Individual muscle fibers from patients with Duchenne muscular dystrophy at an early stage in their disease, and from apparently normal boys of similar age, were analyzed for 13 enzymes of energy metabolism. This approach avoided the serious problems with muscle homogenate assays from increases in nonparenchymal components and permitted assessment of disease changes in different fiber types. Some enzymes of glycogenolysis (phosphorylase, phosphoglucomutase, and pyruvate kinase) were decreased in dystrophic fibers of all types. Phosphofructokinase was decreased in presumptive type II fibers. Lactate dehydrogenase was increased in type I fibers and essentially unchanged in type II. Phosphoglucoisomerase was near normal.
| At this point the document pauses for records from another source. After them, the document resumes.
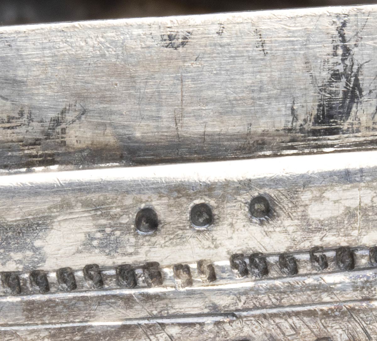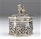 sbalzata e cesellata con motivi di foglie a volute, il coperchio con chiusura ad innesto è cimato da un cane stilizzato.
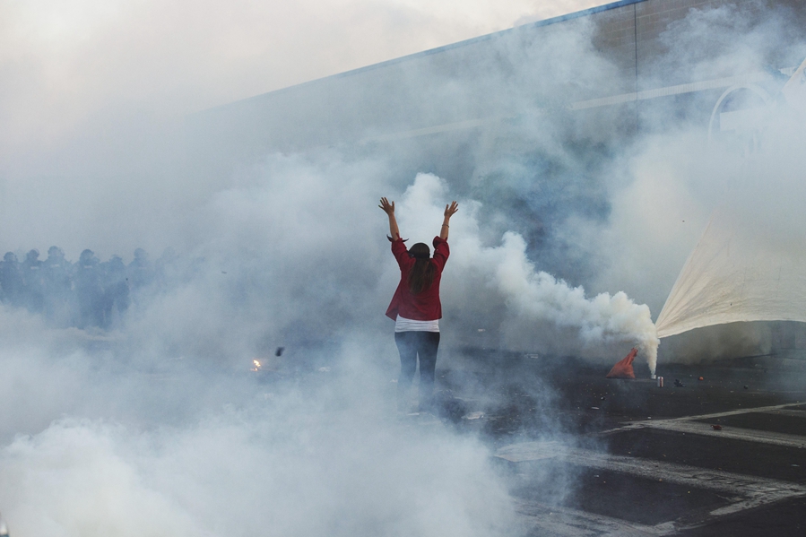 5月30日晚,在美國(guó)明尼蘇達(dá)州明尼阿波利斯市,抗議者在防暴警察施放的催淚瓦斯中與警察對(duì)峙。新華社發(fā)(安格斯·亞歷山大攝)
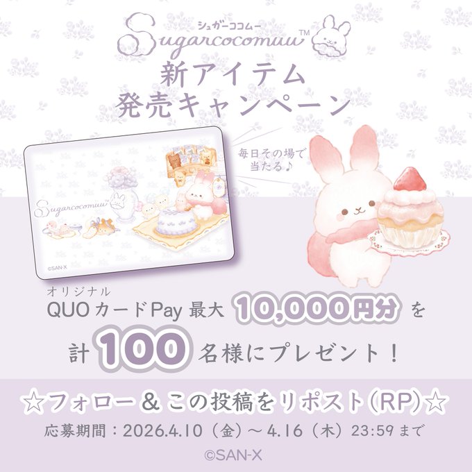 賞品:シュガーココムーのオリジナルQUOカードPay最大10000円分(100名様)
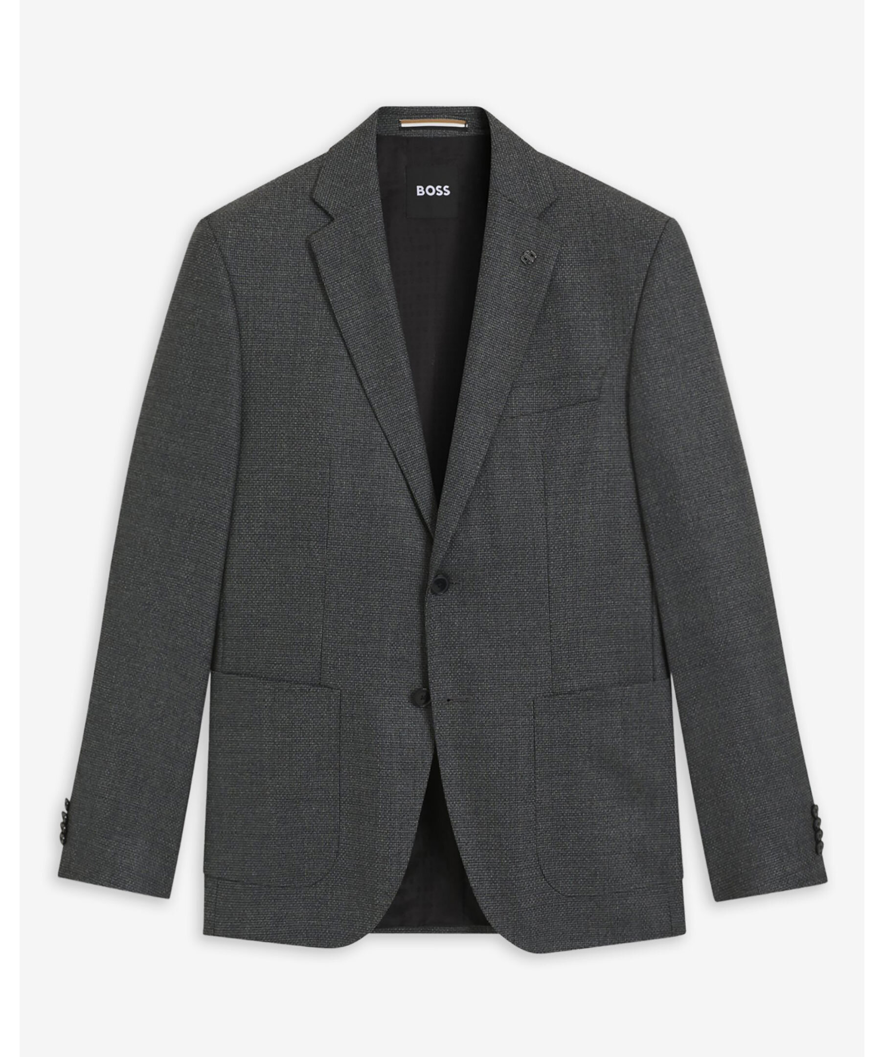Grå avaj från BOSS som passar till alla tillfällen. Kavajen har ett diskret, modernt mönster och är tillverkad av jungfruull.
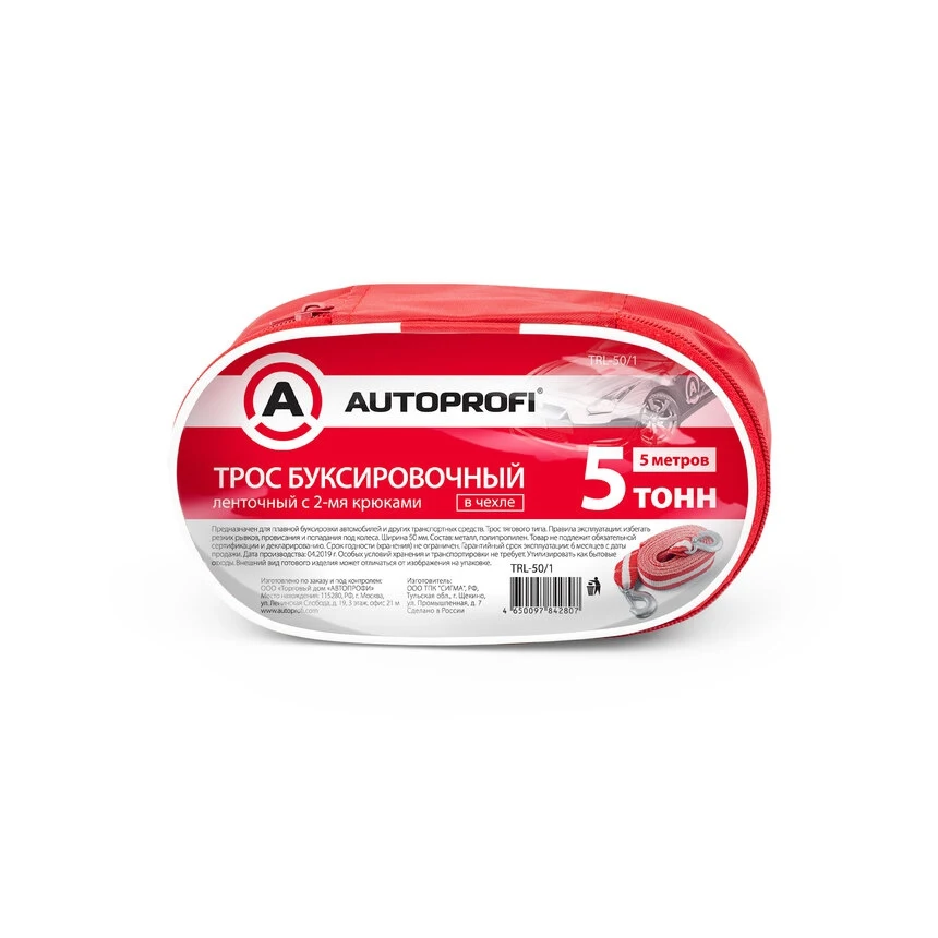 Ленточный буксировочный трос «AUTOPROFI» тягового типа предназначен для плавной буксировки автомобилей и других транспортных средств, общей массой не более 5 тонн, от места поломки (неисправности), по ровной дороге, до места ремонта. Тросы изготавливаются из полипропиленовой мультифиламентной нити, а петли и крепления прошиты прочной капроновой нитью. Полипропиленовая лента отличается надежностью, не деформируется и не впитывает влагу.
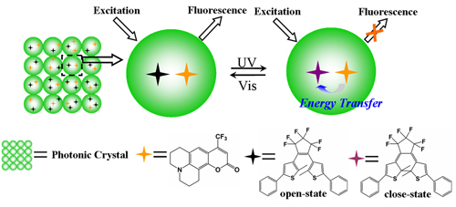 图1 二芳基乙烯/香豆素薄膜在光子晶体表面及存储应用的示意
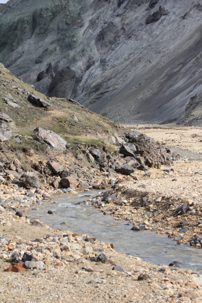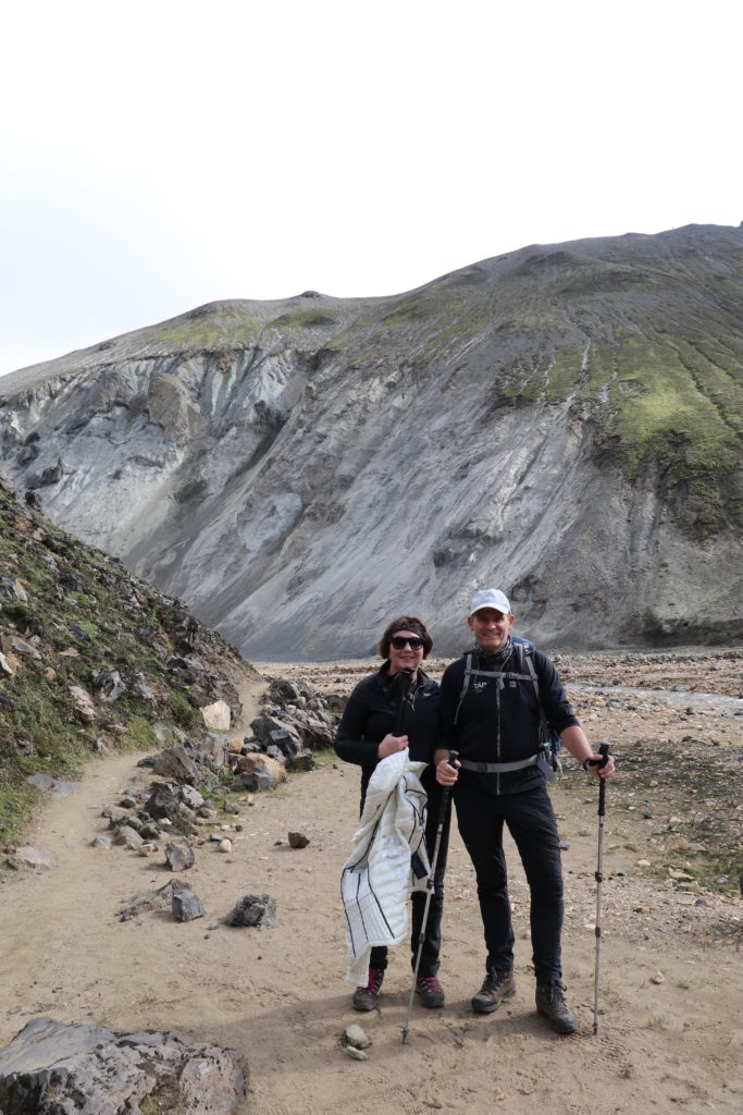 We hadden toen genoeg voedingsstoffen binnen om de wandeltocht te beginnen. Voor de zekerheid onze jassen aangedaan, maar die gingen al snel uit. Wat een prachtig gebied. Landmannalaugar is een dal in het binnenland, ten oosten van de beroemde vulkaan Hekla.
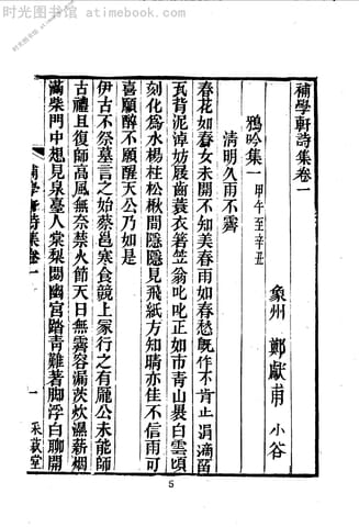 | 网盘路径:/时光图书馆珍藏系列/书籍文件/老图书/《补学轩诗集》电子版合集.db | ||
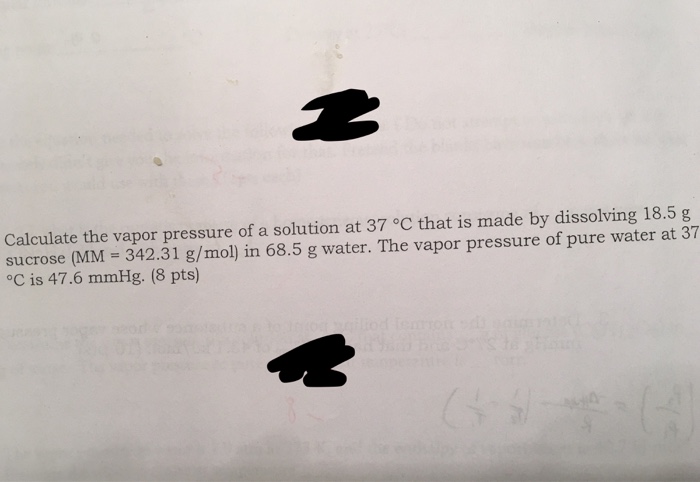 Solutions from image.slidesharecdn.com I don't know how this is any different from part (b). 0.10 m sodium chloride 0.10 sodium sulfate 0.10 m sodium. So what formula should i use to calculate the vapor pressure of a much higher concentration. See spelling differences) or equilibrium vapor pressure is defined as the pressure exerted by a vapor in thermodynamic equilibrium with its condensed phases (solid or liquid) at a given temperature in a closed system. So what happens if the liquid contains a nonvolatile solute, in other words, a solute that does not evaporate and merely stays in the solution? Calculate the osmotic pressure of a solution that consists of 4.68 g of hemoglobin (molar mass = 6.83 104 g/mol) in 125 ml of water (molar mass = 18.0 g/mol). According to raoult's law, we know that partial vapour pressure of individual component (solute/solvent) is directly proportional to its mole fraction. Determine vapor pressure of change temp.

Two enzymes of glucose metabolism not involved in glycogenolysis, hexokinase and glycogen synthase, were near normal, but a third, fructose bisphosphatase, was sharply reduced. Two enzymes of oxidative metabolism, citrate synthase, and beta-hydroxyacyl CoA dehydrogenase, were unchanged or increased. Two enzymes of high energy phosphate transfer, creatine kinase and adenylokinase, were only marginally affected. The net result is to leave the type II fibers, which normally exert the greatest force, with a severe deficit in the glycogenolytic enzyme machinery to maintain that force.
对早期杜兴氏肌营养不良症患者以及年龄相仿的表面正常男孩的单个肌纤维进行了能量代谢的13种酶的分析。这种方法避免了因非实质成分增加而导致的肌肉匀浆检测的严重问题,并允许评估不同纤维类型中的疾病变化。所有类型的营养不良纤维中,一些糖原分解酶(磷酸化酶、磷酸葡萄糖变位酶和丙酮酸激酶)减少。推定的II型纤维中磷酸果糖激酶减少。乳酸脱氢酶在I型纤维中增加,在II型纤维中基本不变。磷酸葡萄糖异构酶接近正常。两种不参与糖原分解的葡萄糖代谢酶,己糖激酶和糖原合酶,接近正常,但第三种,果糖二磷酸酶,急剧减少。两种氧化代谢酶,柠檬酸合酶和β-羟酰基辅酶A脱氢酶,不变或增加。两种高能磷酸转移酶,肌酸激酶和腺苷激酶,仅受到轻微影响。最终结果是,通常产生最大力量的II型纤维在维持该力量的糖原分解酶机制方面严重不足。